Darren
I am writing about the most horrific event of my life. It is so huge that part of me doesn’t want to write it at all; however, our lives have changed today and it can’t go untold.
Our oldest boy, my first-born, Darren passed today from his earthly life to continue his adventures in another realm.
To begin at the beginning of his leaving: he was injured in a fall last June while working on a roof and sustained a severe spinal cord injury. Numerous surgeries and hospitalizations later, he was left in a quadriplegic condition, necessitating nursing home care.
The nursing home failed in his care; unbeknownst to us and to him because he had no feeling below his chest, his body was riddled with untreated very deep pressure wounds that became infected. The infection went systemic and Darren was hospitalized with septic shock. He underwent two surgeries in three days, but his condition continued to worsen.
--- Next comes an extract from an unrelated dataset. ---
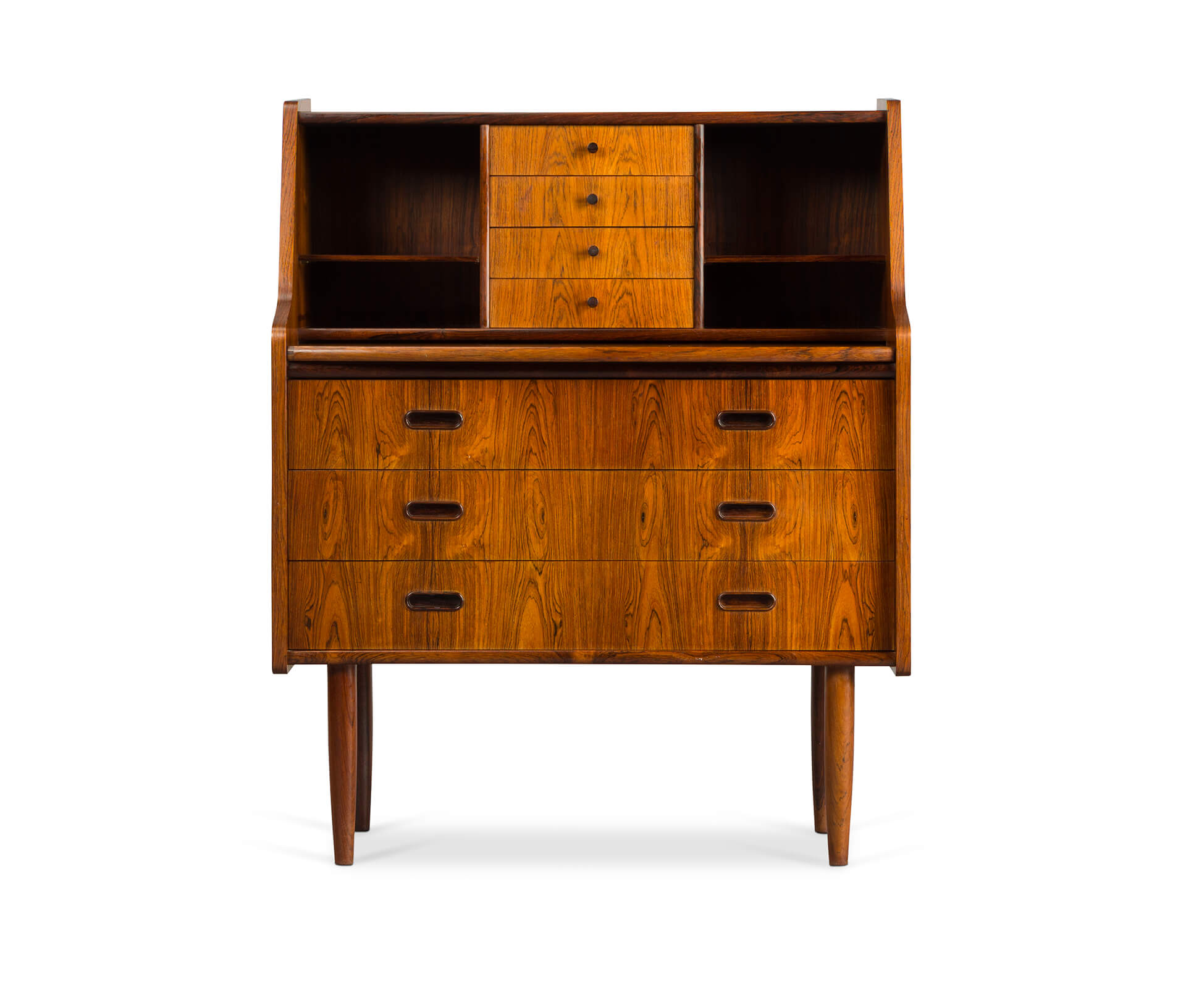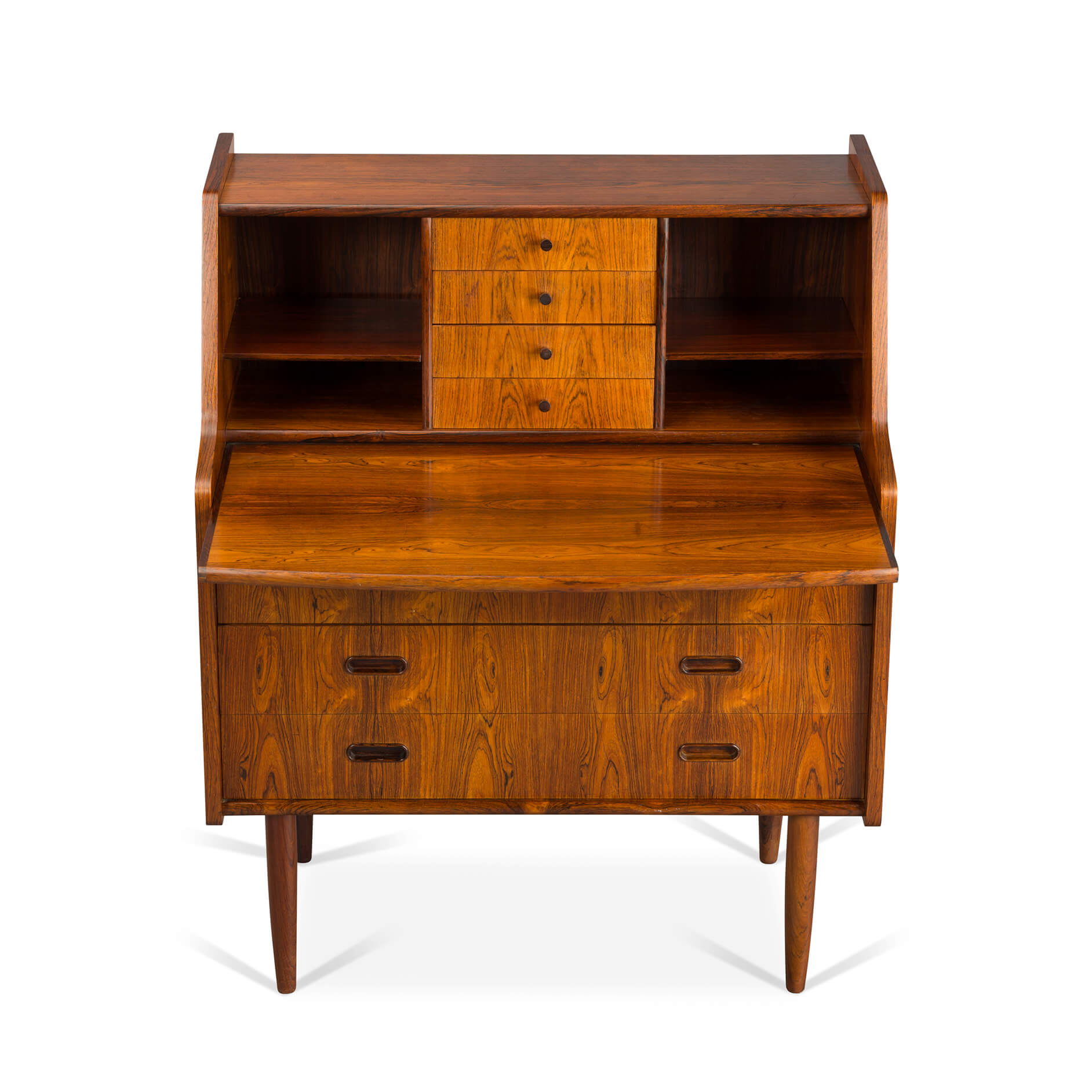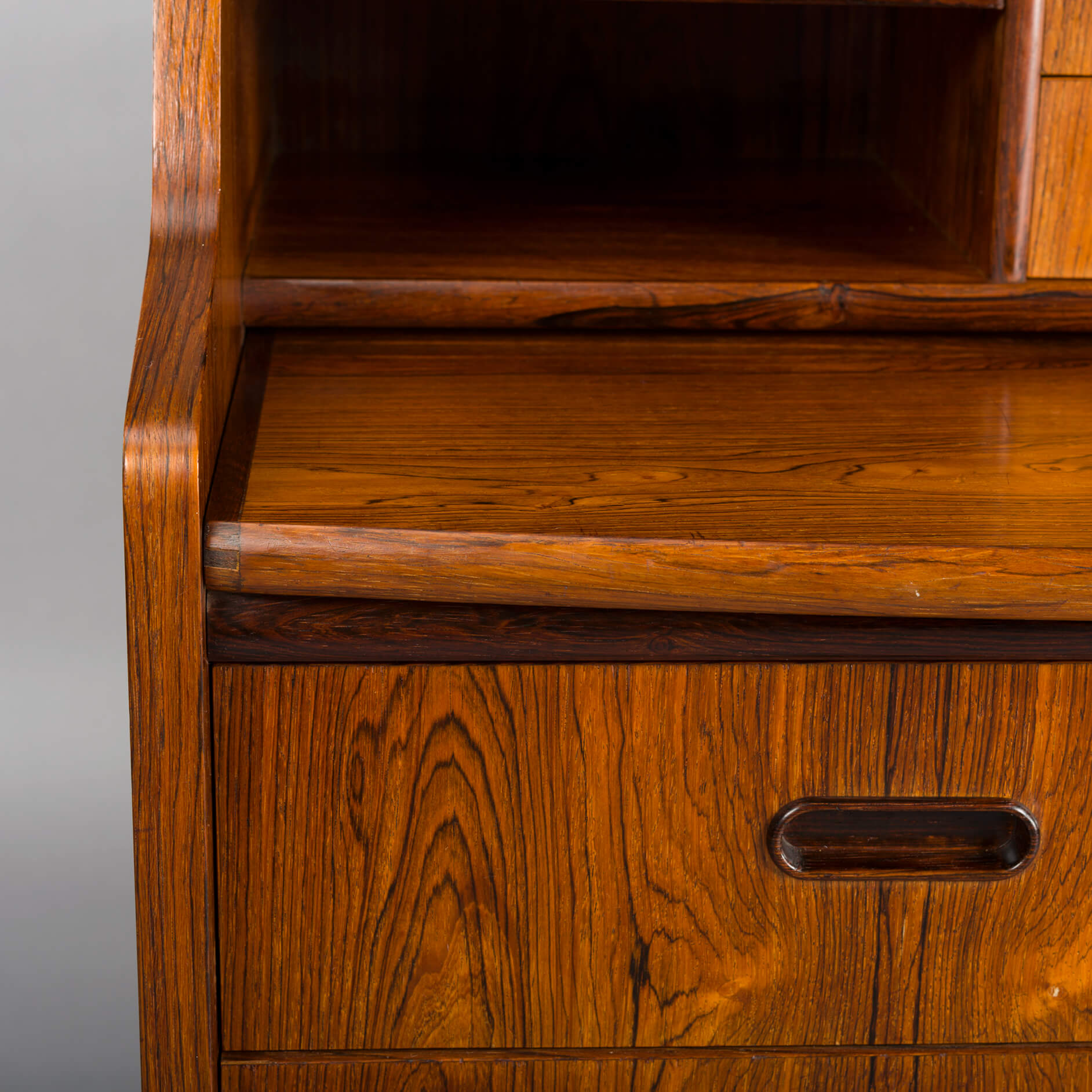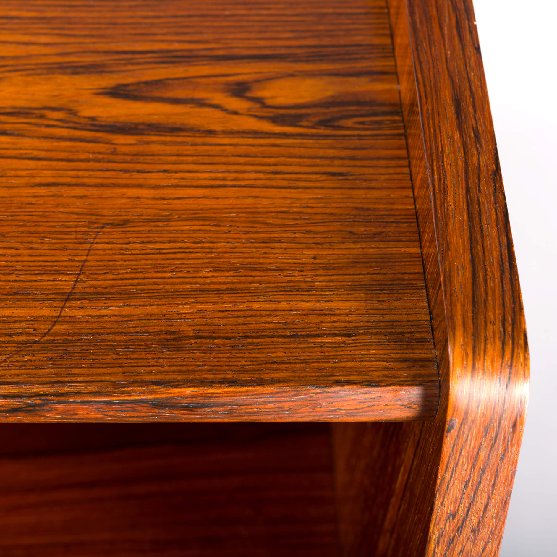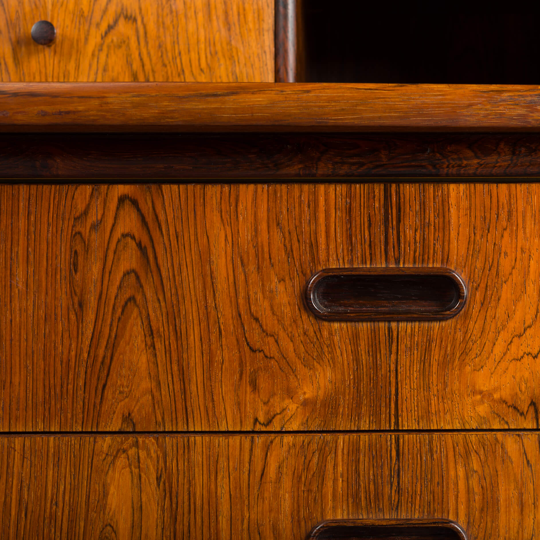 Super stylish! Everything is spot on with this Danish writing desk. Made out of a lovely rosewood veneer and meticulously worked in every detail. Patterning of the veneer is subtle and are topped off with subtly cut solid rosewood knobs on the drawer block. This desk is over 50 years of age and it is in very good vintage condition. Only some small light stains and some scratches. See the pictures.

We asked to have life support removed to end his suffering. We were able to talk to him via telephone throughout the process, which was short, and assured him of our love that survives always.
That’s the really awful part, but I want to close with something about who Darren was and how very much he was cherished. For the past months, Chris & I have talked to him on the phone every evening - conversations that were by and large enjoyable, sometimes not so much when he needed to talk about his pain and challenges that were many.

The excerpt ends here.